3.2 Projections

Spatial observations need to be georeferenced, i.e., associated with specific geometric objects for which the location is represented in a two-dimensional Cartesian coordinate system (i.e., on a flat map). Since all observations originate on the surface of the three-dimensional near-spherical earth, this requires a transformation from three to two dimensions.

The transformation involves two concepts that are often confused by non-geographers, i.e., the geodetic datum and the projection. The topic is complex and forms the basis for the discipline of geodesy. A detailed treatment is beyond the current scope, but a good understanding of the fundamental concepts is important. The classic reference is Snyder (1993), and a recent overview of a range of technical issues is offered in Kessler and Battersby (2019).

The basic building blocks are degrees (and minutes and seconds) latitude and longitude that situate each location with respect to the equator and the Greenwich Meridian (near London, England). Longitude is the horizontal dimension (x), and is measured in degrees East (positive) and West (negative) of Greenwich, ranging from 0 to 180 degrees. Since the U.S. is west of Greenwich, the longitude for U.S. locations is negative. Latitude is the vertical dimension (y), and is measured in degrees North (positive) and South (negative) of the equator, ranging from 0 to 90 degrees. Since the U.S. is in the northern hemisphere, its latitude values will be positive. Latitude and longitude are typically given as decimal degrees, but, if not, a conversion from degrees, minutes and seconds is straightforward.

In order to turn a geographic description, such as an address, into latitude-longitude degrees, it is necessary to adhere to a so-called geodetic datum, a three-dimensional coordinate system or model that represents the shape of the earth. Currently, the most commonly used datum is the World Geodetic System of 1984, WGS 84, which represents the earth as an ellipsoid (and not as a perfect sphere). In North America, an alternative is NAD 83, the North American Datum of 1983. In practice, for U.S. locations, there is not much difference between the two. Both these standards are about to be replaced by reference frames that take advantage of Global Navigation Satellite Systems (GNSS).¹¹

The second step in the process of georeferencing consists of converting the latitude-longitude coordinates to Cartesian x-y coordinates in a planar system, using a cartographic projection. Hundreds of projections have been developed, each addressing different aspects of the mathematical problem of converting a three-dimensional object (on a sphere or ellipsoid) to two dimensions (a flat map). In this conversion, every projection involves distortion of one or more fundamental properties of geographic objects: angles (sometimes confused with shape), area, distance and direction. It is important to be aware of this limitation, since many investigations rely on the computation of variables such as distance, or density (which involves area). The use of an inappropriate projection or distance metric may yield misleading results, especially for analyses that cover large areas (e.g., continent-wide).

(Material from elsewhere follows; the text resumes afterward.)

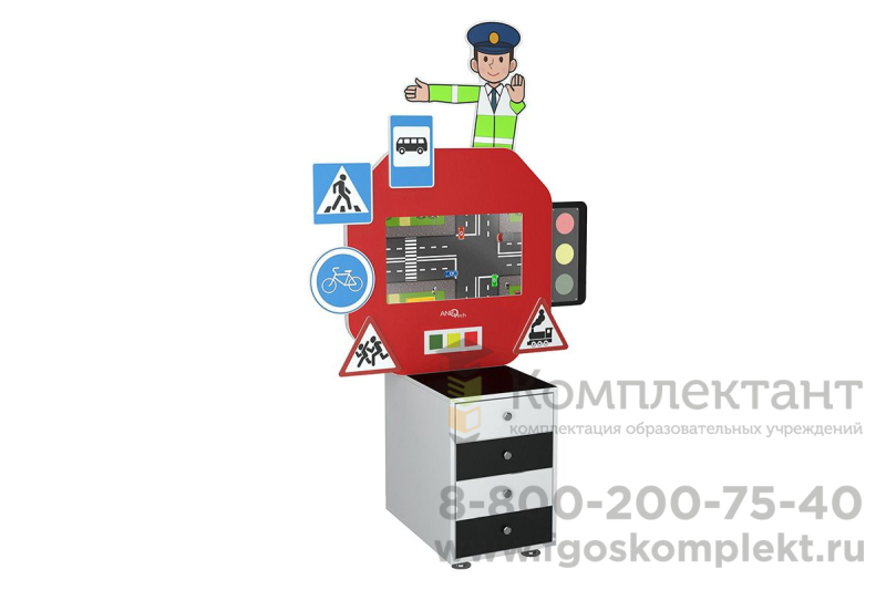Интерактивный развивающий комплекс «ПДД» изготавливается из безопасных экологичных материалов и оснащен выдвижными ящиками для удобного хранения дидактических и учебных материалов. Комплектуется основными знаками ПДД и работающей интерактивной моделью светофора.

For our purposes, three aspects are most important. One is to recognize whether spatial coordinates are projected (typically in units of feet or meters), or unprojected (i.e., in decimal degrees). To confuse matters more, the latter are sometimes referred to as a geographic projection, even though there is no projection involved. It is important to keep in mind that latitude and longitude are not expressed in distance units, but are degrees.

For example, a graph showing locations with longitude as the x-axis and latitude as the y-axis, treated as if they were regular distance units, can be misleading, even though it is seen quite commonly in publications. It ignores the fundamental property that latitude and longitude are degrees (angles). Similarly, the calculation of Euclidean distance is only supported for projected coordinates and should not be performed on longitude-latitude pairs. In many instances, GeoDa will generate a warning when an attempt to compute distances with decimal degrees is made, but this cannot be detected in all situations.

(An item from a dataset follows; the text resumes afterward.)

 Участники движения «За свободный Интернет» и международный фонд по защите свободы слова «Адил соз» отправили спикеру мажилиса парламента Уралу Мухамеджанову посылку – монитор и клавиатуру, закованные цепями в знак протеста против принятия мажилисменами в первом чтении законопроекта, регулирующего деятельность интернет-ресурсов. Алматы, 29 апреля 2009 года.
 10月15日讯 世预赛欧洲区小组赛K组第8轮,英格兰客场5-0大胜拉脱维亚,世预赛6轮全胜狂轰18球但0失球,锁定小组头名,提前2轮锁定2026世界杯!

A second aspect is to be aware of the characteristics of a particular projection that is being used. Specifically, it is important to know whether the projection respects properties such as area (equal area) or distance (equidistant), although such properties typically only pertain to a subset of the projected map.¹²

A final important aspect is to make sure that layers are in the same projection when combined. GeoDa has some functionality to reproject layers on the fly to accomplish this, but it is not fail-safe.

3.2.1 Coordinate reference system (CRS)

A coordinate reference system or CRS is a formal representation of location. It typically contains both a datum and a particular projection, as well as some information on the location of the coordinate center, units of measurement and related items. A CRS is identified by a code, such as an EPSG code, referred to as such because it was originally developed by the European Petroleum Survey Group (EPSG).

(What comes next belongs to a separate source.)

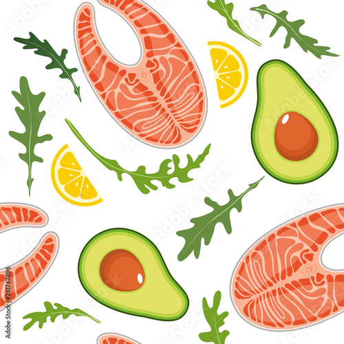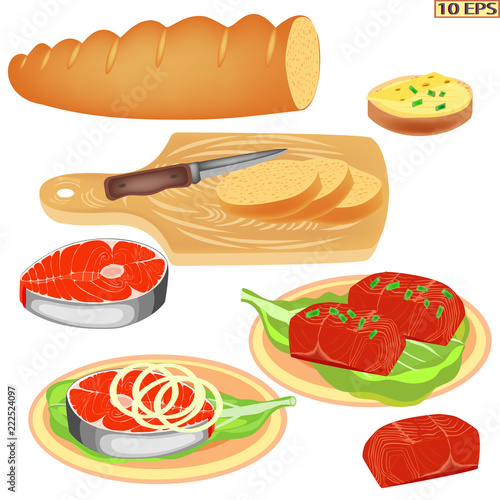 Lososově červené ryby syrové steaky, filé s plátky citronu a pikantní bylinkou, vektorové realistické ilustrace. Čerstvé organické složení mořských plodů pro restauraci, sushi barové menu atd.
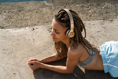 Athletic beautiful african woman in sportswear with headphones listening to music while relaxing on a beach, laying

Interestingly, the lack of a projection, i.e., coordinates as simple latitude-longitude decimal degrees, has an EPSG code of 4326. As mentioned, this is sometimes referred to as a geographic projection, even though strictly speaking no projection is involved. Nevertheless, identifying latitude and longitude coordinates with a CRS of EPSG 4326 will provide a valid point of departure, Without it, there would be no information on what the coordinates represent. This is critical for use in later transformations (see Section 3.2.3).

GeoDa uses the proj4 convention to specify the CRS. This is compatible with the open source PROJ library upon which the projection functionality is built.¹³ Specifically, in order to save a spatial layer that is expressed as latitude-longitude decimal degrees, the proper entry in the CRS box is:

+proj=longlat +ellps=WGS84 +datum=WGS84 +no_defs

3.2.2 Selecting a projection

Non-geographers are often at a loss when faced with specifying an appropriate projection. An excellent resource in this respect is the web site spatialreference.org, which contains literally hundreds of projection definitions that can be easily searched.¹⁴ For each projection, there is a summary of its properties and a list of its CRS specification in a range of different formats. For example, this includes the format used by ESRI in the *.prj files (part of the shape file specification), as well as the proj4 specification used by GeoDa.

While it is perfectly fine to use locations expressed as latitude-longitude decimal degrees, it is imperative to use the proper mathematical operations when computing properties like area and distance. For the latter, it is necessary to use great circle distance (arc distance), which is expressed in terms of the angles represented by latitude and longitude (see Chapter 11). In addition, the proper conversion of the great circle distance from angular units to distance unit (e.g., miles or kilometers) needs to differentiate by degree latitude. The implementation in GeoDa is only approximate and uses the distances at the equator.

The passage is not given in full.